Projects

Here is a collection of my important projects.

PowerBI Reports

This covers all my interactive report projects done with powerBI, you'll need a powerBI account to interact with these.

View Reports

🍄 Mushroom Classification: Predicting Edible or Poisonous Mushrooms!

In this project, I participated in a Kaggle competition where the goal was to predict whether a mushroom is edible (e) or poisonous (p) based on its physical characteristics. I explored several advanced machine learning models, including XGBoost, LightGBM, and Random Forest, with XGBoost achieving a remarkable 98% accuracy! 🚀

See Repo

📈 Data Analysis Made Simple with Data-Cent

Data-Cent is an open source Streamlit and Python-powered platform designed to help analysts and students perform seamless data exploration. Featuring interactive Plotly dashboards and preset Matplotlib plots for quick EDA, users can analyse preloaded datasets or upload their own data for customised insights. Whether you're a beginner or an experienced analyst, Data-Cent simplifies the data discovery process.

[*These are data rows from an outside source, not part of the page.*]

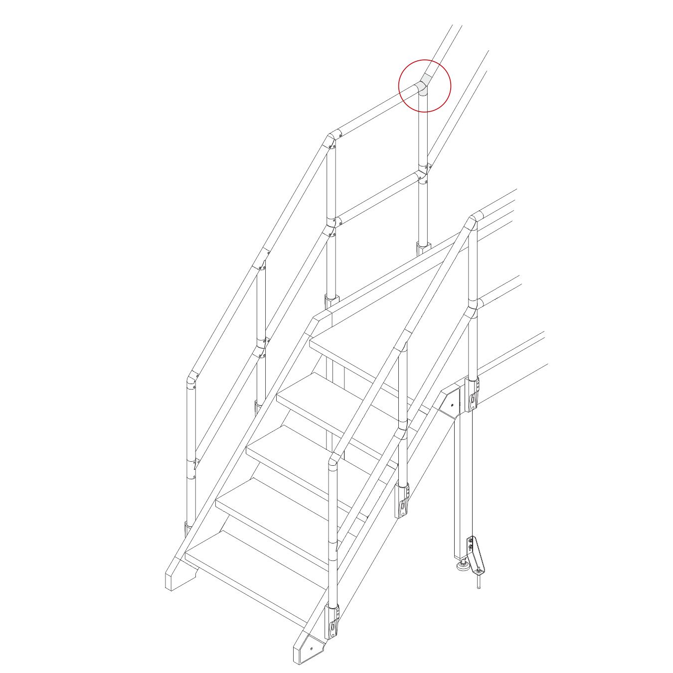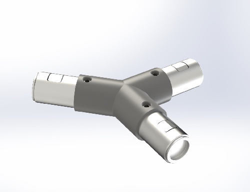 Соединяет трубный профиль с трех сторон, один угол при этом образует соединение под 135 градусов в таких элементах лестничной конструкции как поручни, ограждения.
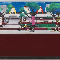 Focusing on the Sterling Student Life Center, the artist captures the lively activities of students and reflects the importance of Black fraternities and sororities in HBCU student life. Realism is paired with the surreal imagery of fantastic figures dancing around the music blasting from a boombox.
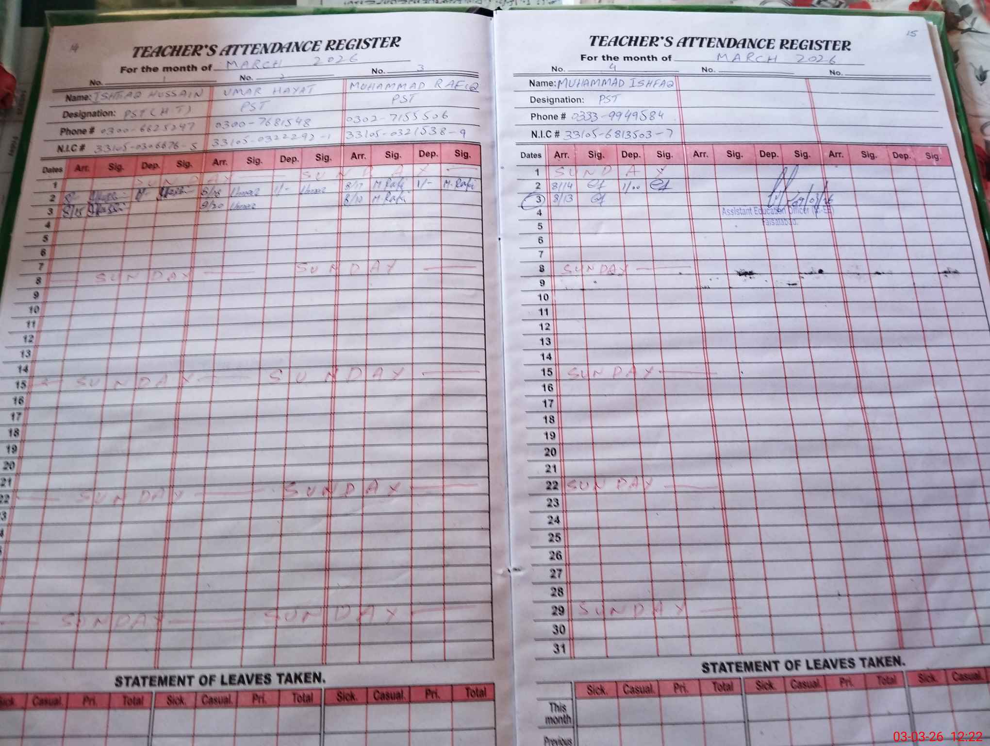 | Name: IS**** HU**** Designation: (School Headmaster's/Headmistress's) PTC Phone/Cell Number: 03**** |

Careful, you'll need to wake up this giant. 😉

Try App See Repo

🐕 Dog Breed Classification with Deep Learning

This project involves building a deep learning model to classify dog breeds using image data. Leveraging transfer learning with TensorFlow and a pre-trained MobileNetV2 model, the system can accurately identify over 120 dog breeds from a dataset of 10,000+ images. The model is designed to handle both preloaded data and custom user inputs, making it versatile for real-world applications. The project demonstrates strong performance in image classification, achieving high accuracy on both validation and unseen data.

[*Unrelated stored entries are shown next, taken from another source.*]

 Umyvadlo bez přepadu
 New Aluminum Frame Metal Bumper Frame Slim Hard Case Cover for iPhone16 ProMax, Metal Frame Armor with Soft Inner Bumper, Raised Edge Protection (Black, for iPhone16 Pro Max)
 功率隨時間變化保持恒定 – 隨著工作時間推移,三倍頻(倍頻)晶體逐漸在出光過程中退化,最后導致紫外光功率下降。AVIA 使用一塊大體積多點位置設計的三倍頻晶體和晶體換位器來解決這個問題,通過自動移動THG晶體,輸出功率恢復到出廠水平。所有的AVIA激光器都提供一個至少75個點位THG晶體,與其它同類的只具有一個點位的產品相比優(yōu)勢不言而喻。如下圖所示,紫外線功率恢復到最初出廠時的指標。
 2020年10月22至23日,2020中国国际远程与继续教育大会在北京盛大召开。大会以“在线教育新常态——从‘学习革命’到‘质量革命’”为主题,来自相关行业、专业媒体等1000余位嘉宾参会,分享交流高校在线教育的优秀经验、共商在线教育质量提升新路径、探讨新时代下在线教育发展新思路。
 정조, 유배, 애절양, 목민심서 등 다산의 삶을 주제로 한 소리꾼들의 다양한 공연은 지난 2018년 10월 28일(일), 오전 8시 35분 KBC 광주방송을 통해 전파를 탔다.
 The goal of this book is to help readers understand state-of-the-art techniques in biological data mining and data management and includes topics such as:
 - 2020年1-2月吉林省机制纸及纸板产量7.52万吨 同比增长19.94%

Careful, you'll need to wake up this giant. 😉

Try App See Repo

Research and Articles

Here is a collection of my Articles and studies focused on data science and AI.

My Thoughts on PyForest — Easy or Just Bad Practice?: PyForest simplifies data science coding by automatically importing popular libraries like pandas and seaborn, making exploratory analysis faster and cleaner. Its main benefits include convenience, time-saving, and reduced clutter in code. However, it has drawbacks such as hiding dependencies, risking namespace conflicts, and reducing educational value. For quick analysis, PyForest is useful, but for production code and learning, explicit imports are better for clarity and maintainability. Use it in the early stages, but switch to explicit imports for long-term projects..
Hyperparameters Tuning — RandomizedSearchCV vs GridSearchCV, which is better?: This article compares GridSearchCV and RandomizedSearchCV for tuning a Random Forest Classifier using a synthetic dataset. GridSearchCV performs an exhaustive search, ensuring thoroughness but at high computational cost. RandomizedSearchCV samples fewer combinations, offering faster results with similar performance. Both methods produced comparable results, but RandomizedSearchCV is more efficient for larger parameter spaces, making it the preferred choice for practical use.
Multifactorial Analysis of wildfire occurrences and causes: This research explores the use of machine learning and spatial analysis to improve wildfire prediction and management in England. By integrating environmental factors, human behaviors, and spatial dynamics, the study analysed data from multiple sources to create a multivariate dataset. Using advanced models like Random Forest, XGB, LGBM, and FNN, the research aimed to better understand wildfire risk and support evidence-based decision-making for more effective wildfire management.
Analysis on Big Data and A.I for Future Crime Predictions: This report examines the increasing use of Big Data and AI in crime prediction and prevention, drawing parallels to the film Minority Report. Similar to the movie's concept of "pre-crime," advanced algorithms analyze vast datasets to predict criminal activity and help law enforcement allocate resources more effectively, potentially lowering crime rates and enhancing public safety. However, like in the film, this approach raises concerns about reliability, ethics, legal implications, and public privacy, which are critical to address for responsible implementation.